Tim Buckley: We were attempting to make, and did make, a contribution to the writing of a song. I did three albums in one month at that time; I did Blue Afternoon, Lorca and Starsailor. That was because of Jac selling the company; I had an obligation to him and also had to give an album to Warner Bros. at the same time. I liked it because in one way, I satisfied a desire to write songs for Blue Afternoon, varying types of songs, three of which I still do because they're some of my best songs.

When I went in to do Lorca, I decided right then it was time to break open something new because the voice with 5 1/2 octaves was certainly capable of coming up with something new. We were getting real tired of writing songs that adhered to the verse, verse, chorus things. It wasn't an intellectual exercise though; as a matter of fact, it was a thing that finally Miles did with In a Silent Way. It happened with the Fender Rhodes electric piano and using one bass line which kept the idea of key in mind. In Silent Way, Miles had a melody line that he played on a trumpet and I had a lyric and a melody that went through Lorca. To this day, you can't put it on at a party without stopping things; it doesn't fit it.

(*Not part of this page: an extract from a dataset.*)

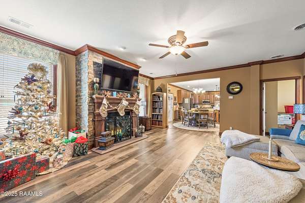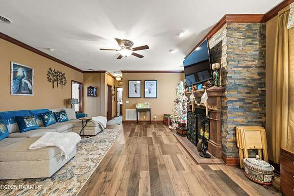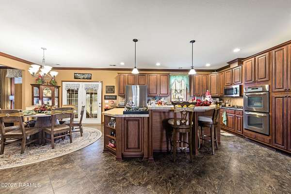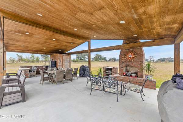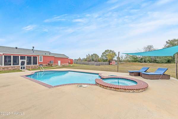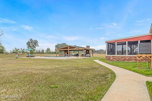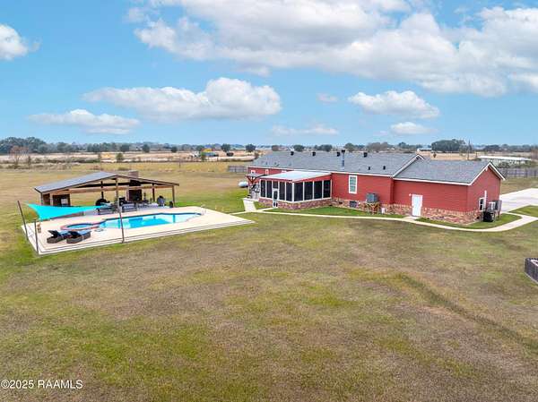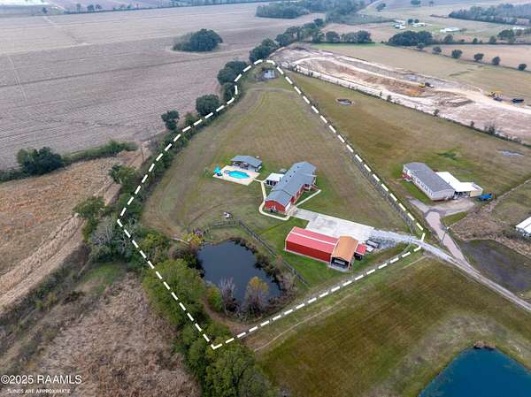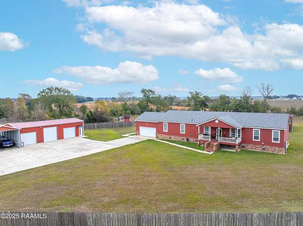 Offering $10,000 in Closing Costs with full-price offer! So many bells and whistles! Sitting on a full slab sprawling out over a huge 5.02 acres this beautifully designed 2011 modular home is set up to enjoy! A stunning oasis down a private road, this estate offers peacefulness and privacy. With major upgrades such as a new roof in 2020 AND new central unit in March of 2025 this home offers peace of mind to its next new owners. Location falls right near the Vermilion Charter Academy school and is within minutes of Lafayette. Zoned for Cecil Picard and North Vermilion public schools this set up includes two stocked ponds, an in ground heated pool (propane heat) with built in hot tub, 20x40 pavilion, 8x10 storage shed, 20x20 screened in patio, reverse osmosis system, 20x40 camper carport, plus a massive shop! Shop has been rated for 140mph winds, has 3 roll up doors with garage door openers (2-8x10, 1-10x10), led lights, comes cooled and heated, and measures a massive 25x50 feet. Completing outside is the entertaining pavilion. This beauty runs parallel to the pool and has its own 1/2 bath, bricked fireplace, open bbq pit, led lights, shop fan, plus built in bar with seating. Inside this home is a large 2400sqft of living, spacious kitchen with double ovens, centered kitchen island, a formal living room PLUS a separate den, wood burning fireplace, split floor plan, and en-suite bathroom and walk in closet for Primary Bedroom. Across the home you'll find the three additional bedrooms and baths. Move right in without worrying about any details! Sellers are leaving kitchen appliances, patio furniture, generator, porch furniture, outside fridges, trimmer, edger, washer, dryer, firewood rack, bar stools, chest freezer, plus living room furniture and wall mounted TVs all stay. (sectional couch not included) PLUS, sellers are leaving the 2-year-old riding mower with only 140 hours! Garage is also heated and cooled with loft area! All reasonable offers considered.

The real advance comes in Anonymous Proposition,"the song that comes after Lorca. It deals with a ballad in a totally personal, physical presentation, to cut away the nonsense, the superficial stuff. It has to be done slowly; it has take five or six minutes; it has to be a movement. It has to hold you there and make you aware that someone is telling you something about himself in the dark. That's what music is all about on record. It is very personal; there's no other way to deal with it. There are certain things that great singers have to deal with; it's their duty to.

Then with Starsailor, we decided that, now that we're good at this, we'll present a new way of writing a song. On the first side of the album, we do songs in the traditional sense. They are free but there are certain moments of rhythm, certain moments of letting it drift. It's all got lyrics and melody. I Woke Up is the one I remember a lot off that album; Song To The Siren was a terrific song, one that was more conventional.

But then there were the cuts Starsailor and Healing Festival. The intro to Healing Festival is about Harlem; I overdubbed all the voices. I overdubbed 16 voices on Starsailor. It's the first album that I overdubbed on or had anyone overdub on. I figured if we were going to do overdubs, I'd do 'em; that was a lot of fun. It's okay for musicians to do that but when a singer does that, he betrays a trust, the image of a vocalist. Its getting more away from that now because people are using their voices for different things but when those were done, it was almost sacrilegious.
"With all the pretext of freedom of speech in this country, we go through more shit to get heard, for the real world, to get out to people. Not the surface, not the facade, not the fake creativity, not the decadence that is constantly flaunted in our faces by the media, but the real thing..."
Goldmine: Was there much of a reaction from the jazz community?

Tim Buckley: No, 'cause I'm white. That's if there is a jazz community; it's become more continental and Miles Davis is the reason for that. Music is not as territorial as it used to be.

Goldmine: It was almost like a jazz quintet.

Tim Buckley: It was a lot of fun. I've got some tapes; it was fun to listen to, too. It was pretty adventurous because a singer hadn't done it. You'd hear trumpets and saxophones explore and it was okay, but never a voice. You have to come up with lyrics; you can't just babble on. Instantaneously writing a lyric and have it make sense with something is very hard. I can't do a chant because that's not part of where I'm from; for Leon Thomas it is. In a lot of ways, it really was folk music; I'll always define that as folk music if a voice is involved. You're still trying to relate something but to relate out of a more holocaustal environment.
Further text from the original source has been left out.